Recently, an exciting set of tools at the intersection of causal inference and machine learning has emerged to tackle these types of questions in these settings. This course is a doctoral-level introduction to these tools. Our emphasis is primarily on studying the statistical/machine learning tools to formally analyze these types of methods, with the goal of empowering students to have an in-depth understanding of cutting-edge research in this area and contribute their own new (theoretically justified) methods to the field.
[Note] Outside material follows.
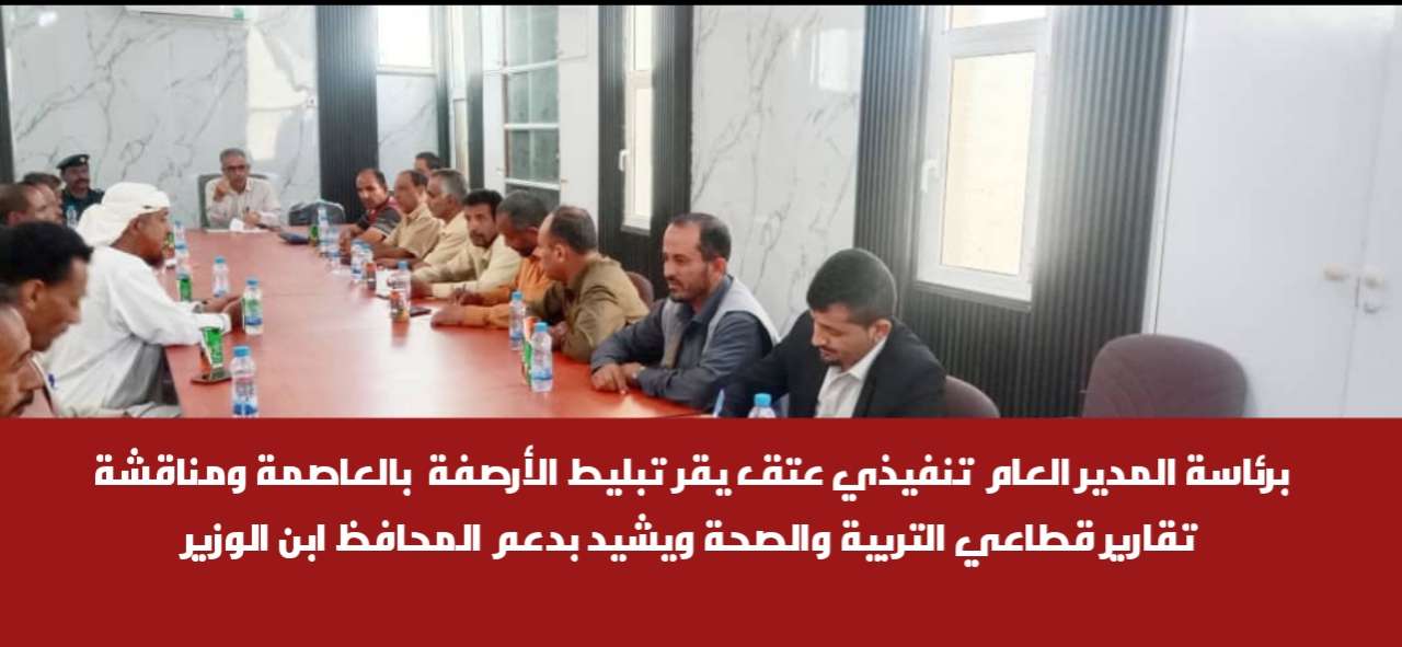 برئاسة المدير العام تنفيذي عتق يقر تبليط الأرصفة بالعاصمة ومناقشة تقارير قطاعي التربية والصحة ويشيد بدعم المحافظ ابن الوزير

The first 2.5 weeks of the course will focus on basic concepts and methods in causal inference at the level of the Imbens and Rubin (2015) book. For the rest of the semester, we will move to recent developments for causal inference using modern machine learning methods and the content will primarily be based on recent research papers.
Learning Objectives
Upon successful completion of this course, students will be able to:
- Explain the core concepts and challenges in causal inference under the potential outcomes framework;
- Apply the most recent developments of modern statistical/machine learning methods to some core causal inference problems;
- Demonstrate and improve the ability to develop and justify the statistical/machine learning methods with mathematical rigor when applying/adapting them to causal inference questions.
Project Updates
-
Potential Outcome Framework and Matching Estimators
An introduction to the Neyman-Rubin causal model and matching methods
-
Paper review: Improving randomized controlled trial analysis via data-adaptive borrowing
A deep dive into how machine learning and adaptive lasso can enhance RCTs by selectively borrowing information from external controls.
-
Lecture 16: Canonical Gradient and Efficient Influence Curve
Notes by Rachael Phillips for PB HLTH 290, Spring 2019
-
Augmented IPW and Double Robustness
AIPW estimator, double robustness, and cross-fitting
-
FWL Theorem
Frisch-Waugh-Lovell theorem
-
Deriving the IPW Estimator: From One RCT to Infinite RCTs under Unconfoundedness
An intuitive derivation of the Inverse Probability Weighting (IPW) estimator from a single RCT to multiple RCTs and observational data.
-
When Does Linear Regression Yield Causal Inference?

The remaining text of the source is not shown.